Required work
Extract the records in full, leaving every picture out.

•••

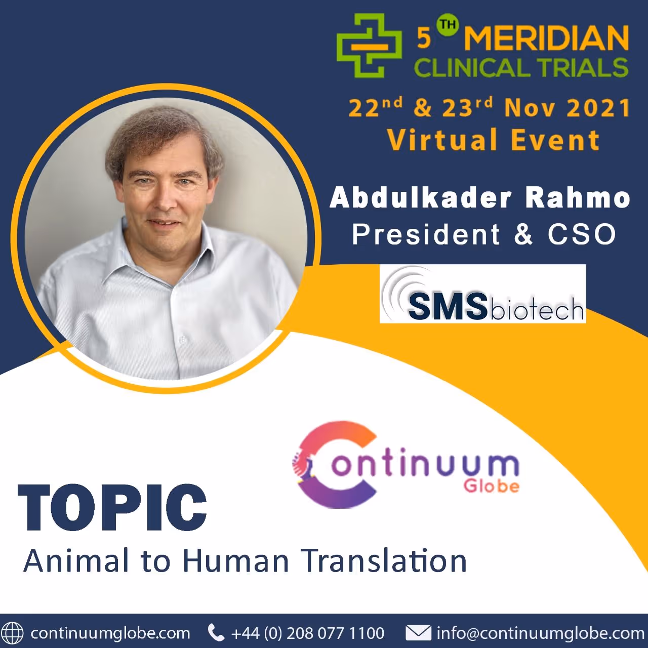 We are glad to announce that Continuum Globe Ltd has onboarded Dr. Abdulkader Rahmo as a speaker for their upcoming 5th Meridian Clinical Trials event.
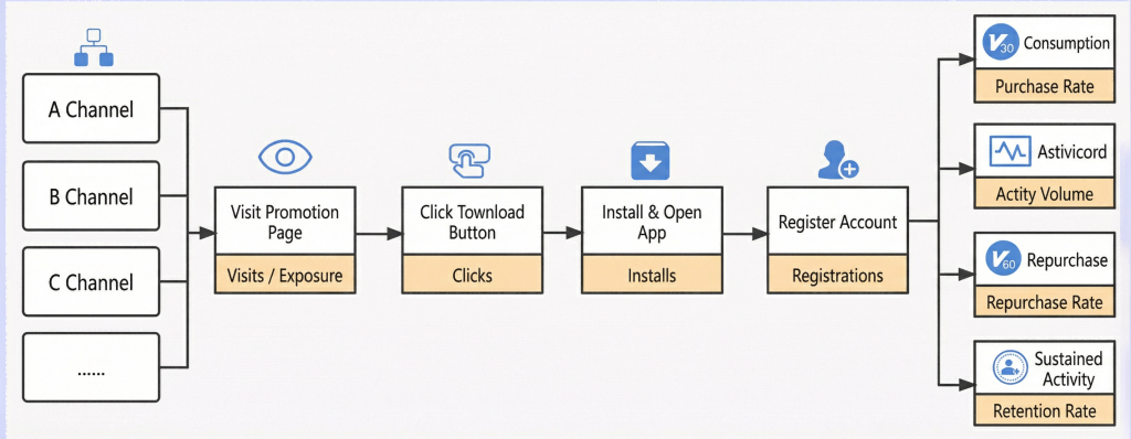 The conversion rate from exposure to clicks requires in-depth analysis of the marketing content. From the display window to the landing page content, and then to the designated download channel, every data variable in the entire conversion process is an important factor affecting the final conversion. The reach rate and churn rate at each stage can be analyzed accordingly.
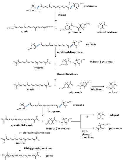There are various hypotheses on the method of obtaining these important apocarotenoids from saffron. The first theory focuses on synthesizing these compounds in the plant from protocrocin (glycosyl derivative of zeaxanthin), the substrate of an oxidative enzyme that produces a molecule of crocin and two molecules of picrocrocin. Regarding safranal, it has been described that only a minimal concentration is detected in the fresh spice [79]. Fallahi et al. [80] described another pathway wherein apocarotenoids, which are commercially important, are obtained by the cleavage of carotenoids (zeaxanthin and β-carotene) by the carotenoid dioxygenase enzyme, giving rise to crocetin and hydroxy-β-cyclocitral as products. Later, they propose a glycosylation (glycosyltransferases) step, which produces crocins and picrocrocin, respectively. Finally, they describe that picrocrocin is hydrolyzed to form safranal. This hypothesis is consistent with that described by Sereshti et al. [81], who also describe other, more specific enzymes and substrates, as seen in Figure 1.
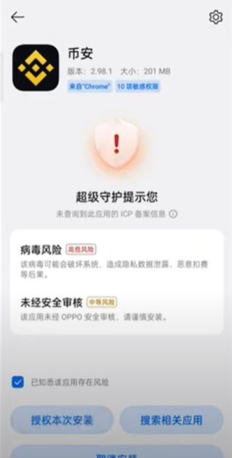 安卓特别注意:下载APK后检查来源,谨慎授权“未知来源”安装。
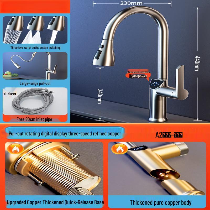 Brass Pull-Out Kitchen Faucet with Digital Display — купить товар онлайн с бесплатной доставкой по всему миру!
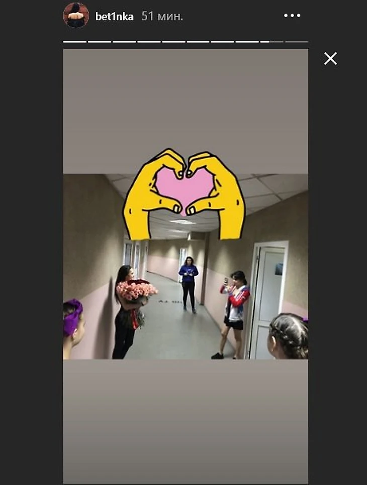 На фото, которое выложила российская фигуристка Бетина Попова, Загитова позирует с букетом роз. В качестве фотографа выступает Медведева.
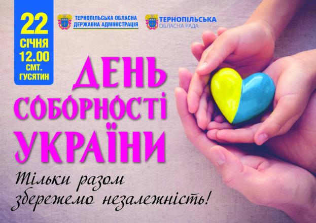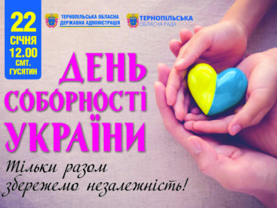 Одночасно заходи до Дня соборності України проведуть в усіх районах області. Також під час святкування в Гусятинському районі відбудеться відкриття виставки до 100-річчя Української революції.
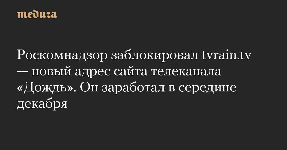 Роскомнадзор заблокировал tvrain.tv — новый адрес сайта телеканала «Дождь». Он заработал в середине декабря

•••

Written response
 We are glad to announce that Continuum Globe Ltd has onboarded Dr. Abdulkader Rahmo as a speaker for their upcoming 5th Meridian Clinical Trials event.
 The conversion rate from exposure to clicks requires in-depth analysis of the marketing content. From the display window to the landing page content, and then to the designated download channel, every data variable in the entire conversion process is an important factor affecting the final conversion. The reach rate and churn rate at each stage can be analyzed accordingly.
There are various hypotheses on the method of obtaining these important apocarotenoids from saffron. The first theory focuses on synthesizing these compounds in the plant from protocrocin (glycosyl derivative of zeaxanthin), the substrate of an oxidative enzyme that produces a molecule of crocin and two molecules of picrocrocin. Regarding safranal, it has been described that only a minimal concentration is detected in the fresh spice [79]. Fallahi et al. [80] described another pathway wherein apocarotenoids, which are commercially important, are obtained by the cleavage of carotenoids (zeaxanthin and β-carotene) by the carotenoid dioxygenase enzyme, giving rise to crocetin and hydroxy-β-cyclocitral as products. Later, they propose a glycosylation (glycosyltransferases) step, which produces crocins and picrocrocin, respectively. Finally, they describe that picrocrocin is hydrolyzed to form safranal. This hypothesis is consistent with that described by Sereshti et al. [81], who also describe other, more specific enzymes and substrates, as seen in Figure 1.
 安卓特别注意:下载APK后检查来源,谨慎授权“未知来源”安装。
 Brass Pull-Out Kitchen Faucet with Digital Display — купить товар онлайн с бесплатной доставкой по всему миру!
 На фото, которое выложила российская фигуристка Бетина Попова, Загитова позирует с букетом роз. В качестве фотографа выступает Медведева.
 Одночасно заходи до Дня соборності України проведуть в усіх районах області. Також під час святкування в Гусятинському районі відбудеться відкриття виставки до 100-річчя Української революції.
 Роскомнадзор заблокировал tvrain.tv — новый адрес сайта телеканала «Дождь». Он заработал в середине декабря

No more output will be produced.